Cardiovascular disease is the leading cause of mortality, resulting in 17.3 million deaths per year globally, and a third of all deaths in the United States¹. Cardiovascular monitoring is essential to assessing and maintaining or enhancing quality of life through preventive and acute care. The jugular venous pulse (JVP) waveform is a powerful diagnostic tool for assessing cardiac function. The jugular vein is a major venous extension of the heart’s right atrium, so changes in atrial pressure are reflected in the jugular waveform. Distortions in the JVP provide insight into cardiac function without direct assessment of the heart itself, such as resistance diseases (e.g., pulmonary hypertension, tricuspid stenosis^2,3), mechanical diseases (e.g., tricuspid regurgitation³), electrical diseases (e.g., atrial fibrillation, heart block, atrioventricular dissociation³), abnormal external forces (e.g., tamponade, constrictive pericarditis^3,4), and heart failure⁵.
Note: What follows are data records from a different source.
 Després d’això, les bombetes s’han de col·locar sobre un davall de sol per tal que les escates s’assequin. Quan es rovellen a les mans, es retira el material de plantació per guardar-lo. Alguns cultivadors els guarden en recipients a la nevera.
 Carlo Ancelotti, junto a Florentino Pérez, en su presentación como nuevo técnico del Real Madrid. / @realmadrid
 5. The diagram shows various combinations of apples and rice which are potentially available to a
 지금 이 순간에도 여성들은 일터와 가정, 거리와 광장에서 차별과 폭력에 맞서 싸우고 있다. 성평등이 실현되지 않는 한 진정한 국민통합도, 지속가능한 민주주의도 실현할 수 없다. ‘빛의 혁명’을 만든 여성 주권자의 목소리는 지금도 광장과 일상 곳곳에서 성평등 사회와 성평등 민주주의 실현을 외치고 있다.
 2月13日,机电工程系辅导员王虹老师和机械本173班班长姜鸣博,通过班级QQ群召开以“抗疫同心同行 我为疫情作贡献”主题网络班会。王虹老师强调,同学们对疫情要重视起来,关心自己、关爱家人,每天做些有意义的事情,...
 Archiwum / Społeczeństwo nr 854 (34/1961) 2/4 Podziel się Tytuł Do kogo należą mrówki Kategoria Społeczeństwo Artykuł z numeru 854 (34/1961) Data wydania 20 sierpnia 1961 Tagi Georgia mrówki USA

A primary problem with assessing JVP lies in the current standard method of measurement: invasive catheterisation. Catheterisation requires surgically inserting a central line into the jugular vein, superior vena cava, or right atrium. This is an invasive procedure requiring surgical expertise. Therefore, although the JVP can provide important clinical insights, JVP examination is not routine and is only performed when there is probable cause for monitoring. Additionally, since catheter monitoring is limited to measuring a single location, spatial flow perfusion characteristics cannot be assessed, which may encode important clinical information^6,7. Ultrasound has recently been proposed to measure the JVP through Doppler velocity imaging^8,9. However, these methods require constant stable probe skin contact, expensive ultrasound equipment, trained ultrasound technicians, and is only able to provide axial hemodynamic information.
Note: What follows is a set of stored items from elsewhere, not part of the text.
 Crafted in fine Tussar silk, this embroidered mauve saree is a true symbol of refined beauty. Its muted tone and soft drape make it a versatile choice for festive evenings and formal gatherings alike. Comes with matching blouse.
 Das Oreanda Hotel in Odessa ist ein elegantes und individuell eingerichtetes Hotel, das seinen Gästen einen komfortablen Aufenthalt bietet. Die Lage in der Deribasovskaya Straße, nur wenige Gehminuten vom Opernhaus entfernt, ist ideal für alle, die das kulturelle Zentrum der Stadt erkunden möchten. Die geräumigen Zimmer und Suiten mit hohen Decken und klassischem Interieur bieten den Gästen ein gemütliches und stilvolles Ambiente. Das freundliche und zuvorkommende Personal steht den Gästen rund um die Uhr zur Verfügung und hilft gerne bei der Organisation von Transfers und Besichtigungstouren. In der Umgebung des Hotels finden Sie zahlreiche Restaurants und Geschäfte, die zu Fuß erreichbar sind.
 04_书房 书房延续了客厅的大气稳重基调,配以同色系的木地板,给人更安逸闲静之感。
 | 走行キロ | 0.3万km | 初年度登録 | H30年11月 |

Photoplethysmographic imaging (PPGI) systems are non-contact biophotonic cardiovascular monitoring systems that may provide touchless, non-invasive JVP monitoring. Building on photoplethysmography theory¹⁰, PPGI systems comprise a camera and an illumination source, and leverage the properties of light-tissue interaction to assess blood flow in the skin. These systems have recently gained interest due to their non-contact light-based nature. However, use of PPGI systems have been limited to extracting high-level vital signs, such as heart rate^{11,12,13,14,15} and respiratory rate^13,16. The few studies that have reported spatiotemporal perfusion have been limited to perfusion through the hand in constrained environments^17,18. Analysing the spatiotemporal trajectory patterns in the neck can provide insight into whether PPGI can be used to detect the JVP. To this end, we know of no publication that has investigated the use of PPGI systems for JVP monitoring. In fact, we know of no study that has explored leveraging PPGI to assess venous blood flow. Given the clinical promise of non-invasive JVP assessment, we are motivated to investigate the feasibility of biophotonic observation of the jugular pulse in the neck, as well as information about its spatial perfusion patterns.
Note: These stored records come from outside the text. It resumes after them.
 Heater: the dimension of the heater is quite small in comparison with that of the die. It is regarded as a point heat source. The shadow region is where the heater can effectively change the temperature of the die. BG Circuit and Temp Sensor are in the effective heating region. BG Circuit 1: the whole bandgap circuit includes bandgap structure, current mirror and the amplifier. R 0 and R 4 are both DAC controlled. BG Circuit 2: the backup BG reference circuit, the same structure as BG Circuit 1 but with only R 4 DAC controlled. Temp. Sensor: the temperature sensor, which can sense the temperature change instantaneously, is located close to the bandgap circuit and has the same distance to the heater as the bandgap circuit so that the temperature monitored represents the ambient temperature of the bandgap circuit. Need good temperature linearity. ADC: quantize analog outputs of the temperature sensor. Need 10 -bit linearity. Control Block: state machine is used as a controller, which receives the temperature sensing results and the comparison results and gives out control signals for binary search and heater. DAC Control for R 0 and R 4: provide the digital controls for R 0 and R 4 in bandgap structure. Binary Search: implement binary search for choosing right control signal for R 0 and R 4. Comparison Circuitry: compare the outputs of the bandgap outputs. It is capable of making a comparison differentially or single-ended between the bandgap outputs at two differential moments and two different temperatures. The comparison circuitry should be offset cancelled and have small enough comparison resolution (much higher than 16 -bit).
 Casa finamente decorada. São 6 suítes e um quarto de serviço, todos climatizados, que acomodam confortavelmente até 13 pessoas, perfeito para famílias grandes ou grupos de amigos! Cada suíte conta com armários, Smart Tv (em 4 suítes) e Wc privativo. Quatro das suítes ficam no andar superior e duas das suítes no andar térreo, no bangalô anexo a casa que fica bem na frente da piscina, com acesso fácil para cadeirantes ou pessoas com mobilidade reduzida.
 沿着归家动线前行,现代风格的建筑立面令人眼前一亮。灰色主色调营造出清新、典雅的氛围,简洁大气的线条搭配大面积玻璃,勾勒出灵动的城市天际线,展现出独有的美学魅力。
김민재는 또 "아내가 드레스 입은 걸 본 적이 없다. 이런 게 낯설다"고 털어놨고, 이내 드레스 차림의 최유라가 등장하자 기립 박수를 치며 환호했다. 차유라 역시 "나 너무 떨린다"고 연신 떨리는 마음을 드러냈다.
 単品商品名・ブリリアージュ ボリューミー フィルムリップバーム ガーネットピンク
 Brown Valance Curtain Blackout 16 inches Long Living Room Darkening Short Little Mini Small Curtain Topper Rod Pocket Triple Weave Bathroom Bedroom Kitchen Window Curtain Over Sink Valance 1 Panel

In this exploratory study, we investigated the feasibility of non-contact biophotonic JVP monitoring by assessing the spatiotemporal pulsing patterns in the neck in 24 participants. Strong pulsatile flow was successfully observed, consistent with ground truth finger photoplethysmography measurements. Two different types of pulsatile flow were observed in all participants: one that corroborated with the ground truth arterial pulse, and one that exhibited strong inverted pulsing characteristics. The hypothesis was that the two pulsatile flows were major arterial and venous blood flow waveforms. To test this hypothesis, the spatial properties of the pulsing were compared to the carotid artery and jugular vein track found through ultrasound, and the waveforms were compared to the JVP. Major venous flow was observed in all participants. Here, we demonstrated for the first time, to our knowledge, that the JVP could be assessed with a PPGI system. Furthermore, the jugular pulse waveform was observed at many different locations along the venous track, providing indication of the pulse trajectory. These fundamental findings may be leveraged in the future as a new non-contact monitoring method to assess cardiac function.

Results

Detection of pulsatile flow

Table 1 shows the sample summary demographics. The sample consisted of a wide range of ages (9–60 years), body types (BMI 16.4–35.1 kg · m⁻²), and fair distribution of gender (11/13 female/male).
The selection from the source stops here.